Recently, Capital One Bank waived some of their closing fees for refinancers, resulting in a whopping savings of $3,300 on the average. Bank of America and Citibank also placed a discount on their fees by as much as 0.75 percentage points. Mortgage rates are also hitting record lows week after week. Just a few days ago the benchmark 30-year fixed rate mortgage fell to 4.18 percent, this is one of the lowest rates that the nation has ever seen for the past 50 years. However, despite these ridiculously low rates and tempting offers, bankers remain puzzled by the lack of mortgage applications. The question now is, why aren’t mortgage applications coming in by the bulk?
Why Mortgage Applications Remain Low
There are several reasons why mortgage applicants are keeping their feet off the water. First of all, potential borrowers are still wary of the economy’s current standing. Although the problem lies mainly in Europe, this still holds a negative impact on the US stock markets. Potential homeowners are also aware of the poor resale values their new homes might have. Since the peak of the housing boom in 2007, homes have lost nearly a third of their value. This instability in housing prices have borrowers wondering if they will be paying too much for their home in the long run.

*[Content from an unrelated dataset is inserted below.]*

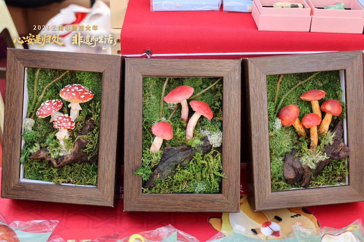 在“乡愁旅居大观园”,一个摆满红嘴鸥和野生菌文创的展位格外显眼。这些充满“云南味”的元素通过面塑这一非遗技艺,被制作成了极具代表性的文创产品。面塑手艺人于晓玲介绍,创作红嘴鸥和野生菌两个系列产品的初衷是将非遗技艺与地域IP、生态文明相结合,做成有地域特色的文创产品,让游客看得见、摸得着、带得走。

The second reason why mortgage applications haven’t risen as expected is clearly because of unemployment status. No matter how low mortgage rates are and how juicy bank promotions will be, the bottom line is that many potential homeowners just can’t afford to get a new mortgage. America’s unemployment rate is currently at 9.1% last September, when supposedly the average since 1948 is only at a low 5.7%. This means roughly 14 million Americans without a job. Aside from that, private payrolls rose to only 100,000 jobs per month which is half of the rate posted earlier this year.
And finally, the irony of it all lies in the qualifications that banks are setting. Apparently the incentives that banks are offering come with a catch. For those who wish to avail of Bank of America’s offer, borrowers must at least have $50,000 in savings. Other banks are also looking to give their low mortgage rates to those who have near perfect credit scores.

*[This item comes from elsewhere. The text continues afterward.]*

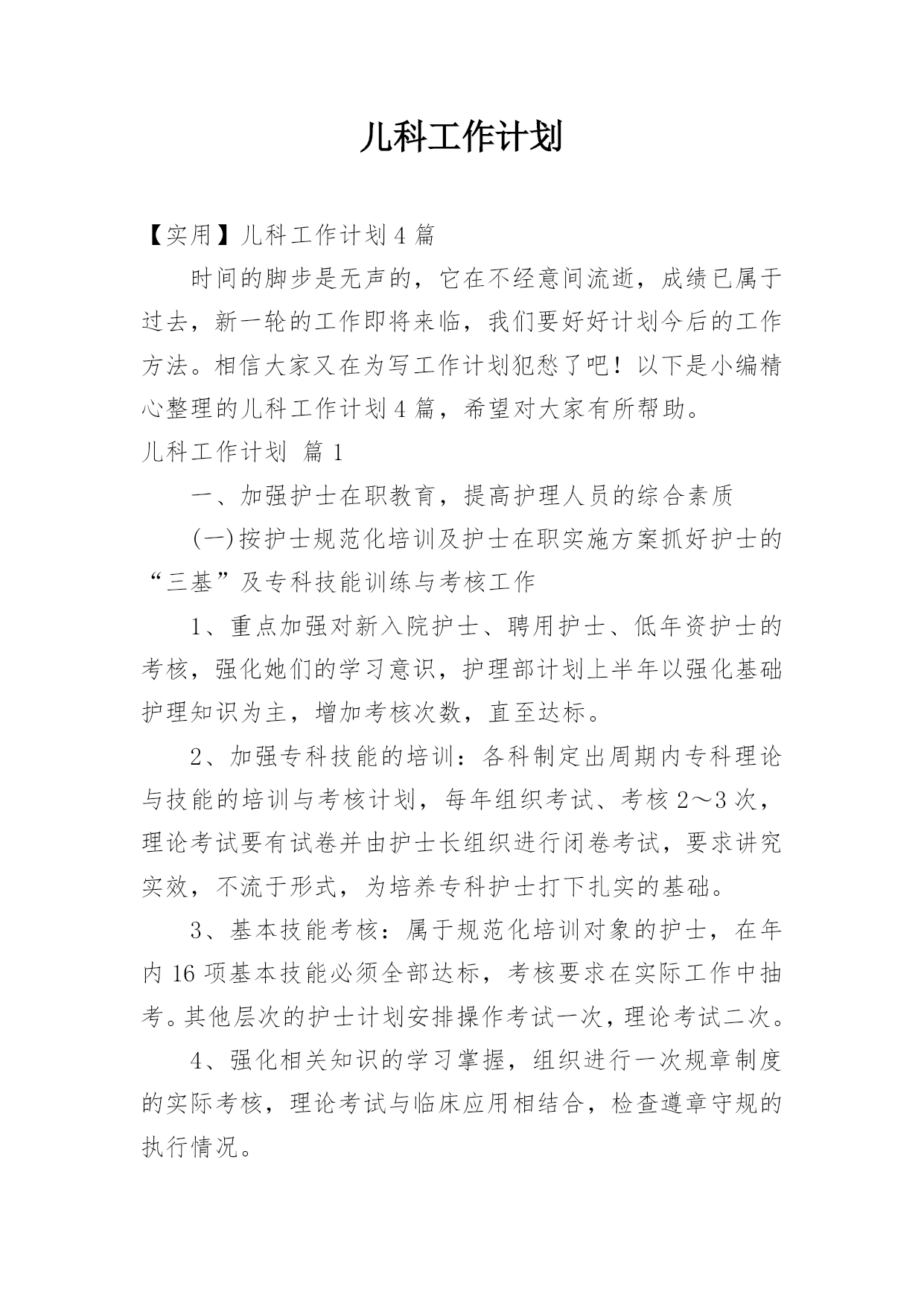 儿科工作计划【实用】儿科工作计划4篇时间的脚步是无声的,它在不经意间流逝,成绩已属于过去,新一轮的工作即将来临,我们要好好计划今后的工作方法。相信大家又在为写工作计划犯愁了吧!以下是小编精心整理的儿科工作计划4篇,希望对大家有所帮助。儿科工作计划篇1一、加强护士在职教育,提高护理人员的综合素质(一)按护士规范化培训及护士在职实施方案抓好护士的“三基”及专科技能训练与考核工作1、重点加强对新入院护士、聘用护士、低年资护士的考核,强化她们的学习意识,护理部计划上半年以强化基础护理知识为主,增加考核次数,直至达

With all these setbacks that are causing a halt on mortgage application, it is interesting to note that there are some consumers who are simply waiting out for an even lower rate to come their way. It has also been reported that some banks are not yet releasing the lowest rates they’ve got simply so they wouldn’t be overwhelmed by the number of loan applications.
Apparently there are a number of reasons why loan applications haven’t risen as expected. It now is a question of which among these reasons is the most prevalent. What about you? What’s keeping you from getting that new mortgage?